OA effects on mussel attachment strength

Impacts of Ocean Acidification on Wild and Farmed Mussels in Puget Sound

This project will expand on ocean acidification and temperature research relating to local mussel species to test for causes of seasonal weakening of mussel attachment.

Principal Investigator

Emily Carrington, University of Washington, Friday Harbor Laboratories

Co-Principal Investigator

Carolyn S. Friedman, University of Washington, School of Aquatic and Fishery Sciences


The rapid onset of ocean acidification (OA) presents an important new environmental stressor for commercially and ecologically important mussels in Puget Sound. Through laboratory studies and field observations of various local mussel species, this project will assess the synergistic roles of OA, temperature change, food rationing, and seasonal spawning cycles in byssal strength and dislodgement, a major cause of mussel mortality.
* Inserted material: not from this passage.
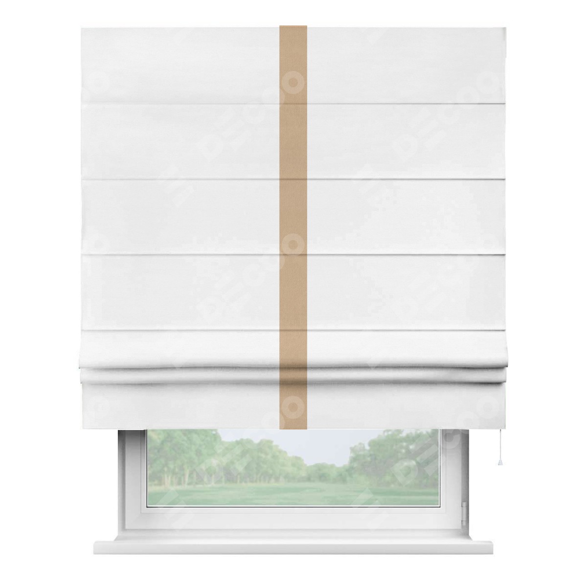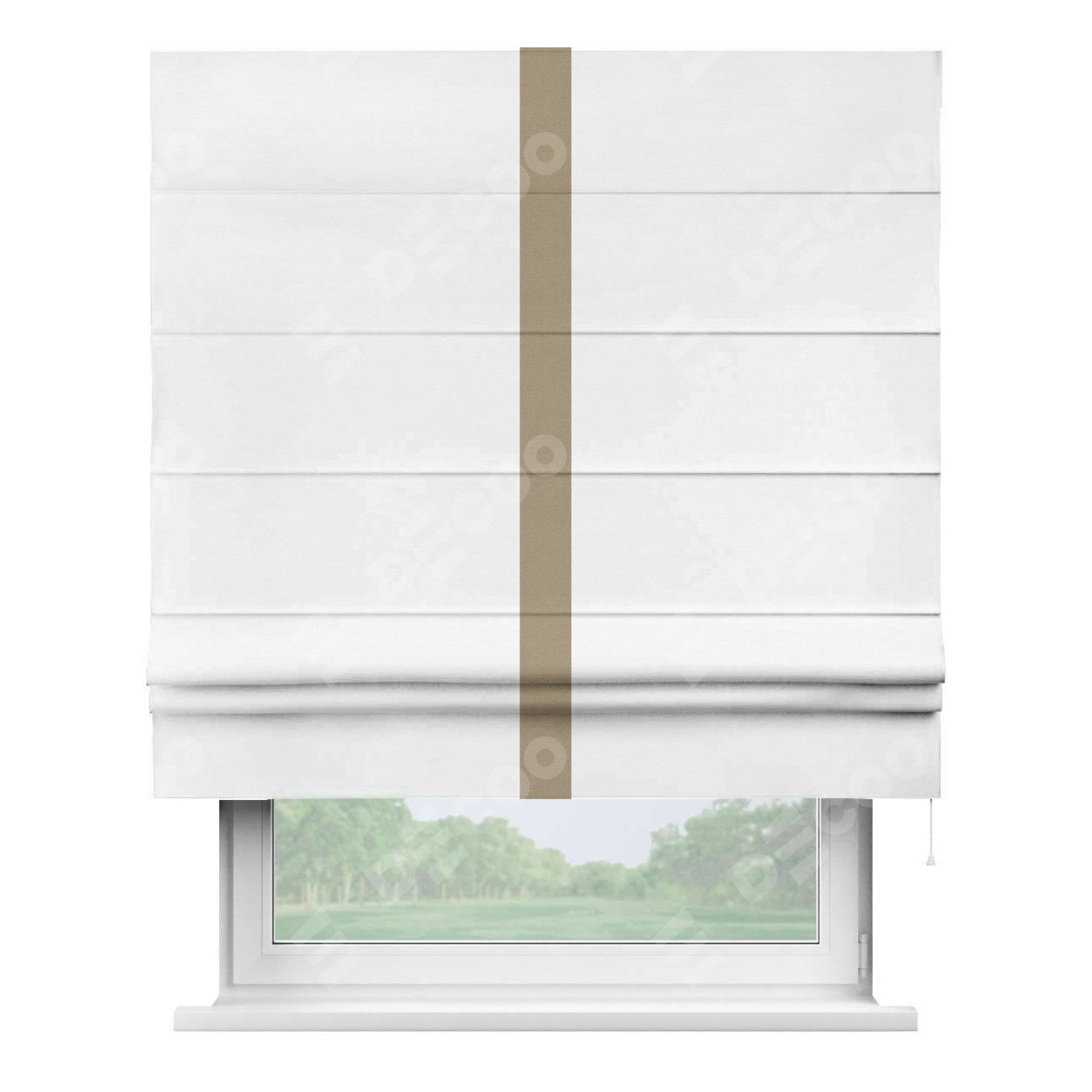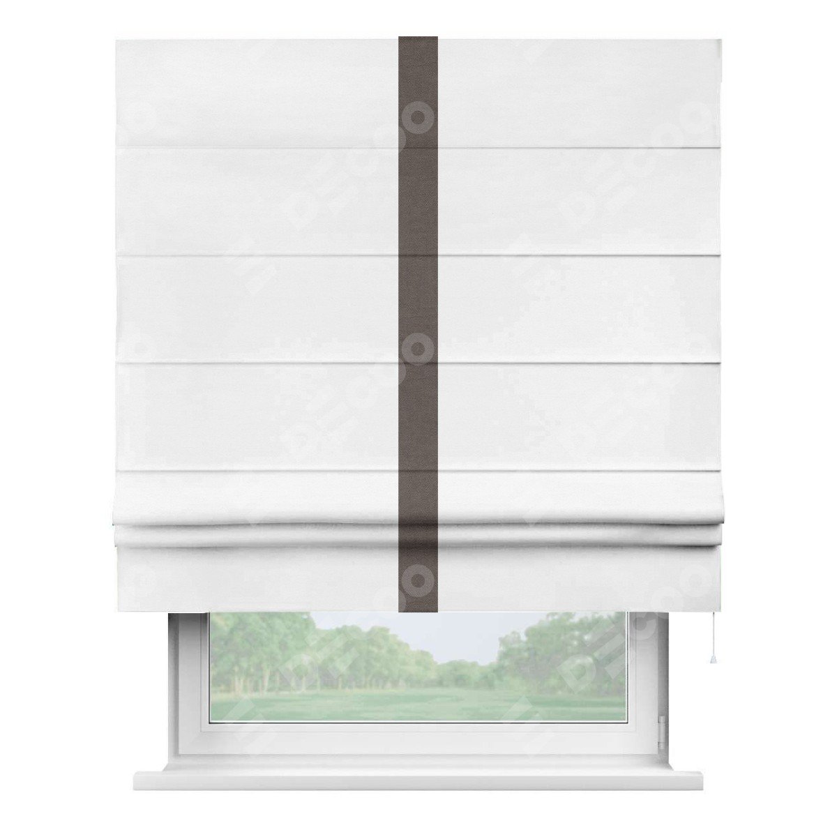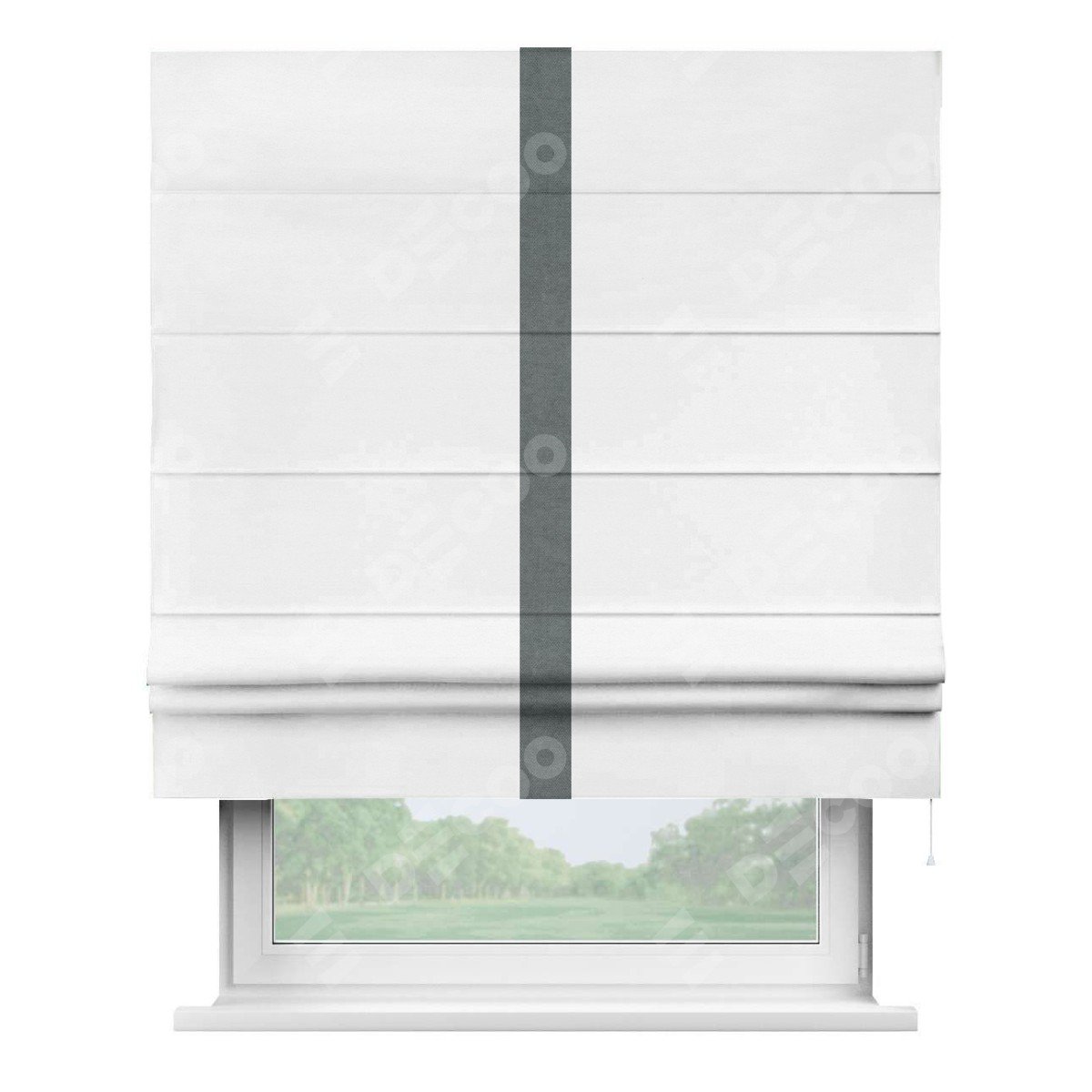 Римская штора производителя «Cortin», используется для проёма, пошита из ткани вельвет дымчато-белый, артикул ткани 85535. Отделка шторы кантом «Хайвей», ткань для канта используется из вельвета разной расцветки на выбор. Имеет универсальный механизм и подходит для монтажа: на потолок, на стену и в нишу.

It will also quantify the environmental conditions native and naturalized mussels encounter at both the macro- and micro-habitat levels, and develop a high school curriculum on ocean acidification.

Research Updates

Washington Sea Grant-supported researchers studied the effects of temperature and pH changes on byssal strength in two native mussel species, Mytilus trossulus and M. californianus, and the introduced species, M. galloprovincialis. They assessed: mussel attachment and condition at three far-flung Puget Sound aquaculture sites; byssal strength in wild mussels in Olympic National Park; and byssal effects of varying food supply, temperature and pH.

Two years of observations revealed a pronounced seasonal cycle in attachment strength, with attachment stronger in winter and weaker in summer, especially in surface waters. Preliminary analyses suggest warming and pH are the best predictors of weak attachment. But responses to acidification varied seasonally according to the three species’ different breeding schedules. Effects on byssal strength were less obvious during breeding, when the animals were already nutritionally stressed. M. galloprovincialis adapted better than M. trossulus in higher salinity. When temperature exceeded 20 degrees Celsius, M. trossulus produced fewer byssal threads and M. californianus production held steady; M. galloprovincialis produced more, giving it a competitive advantage as oceans warms.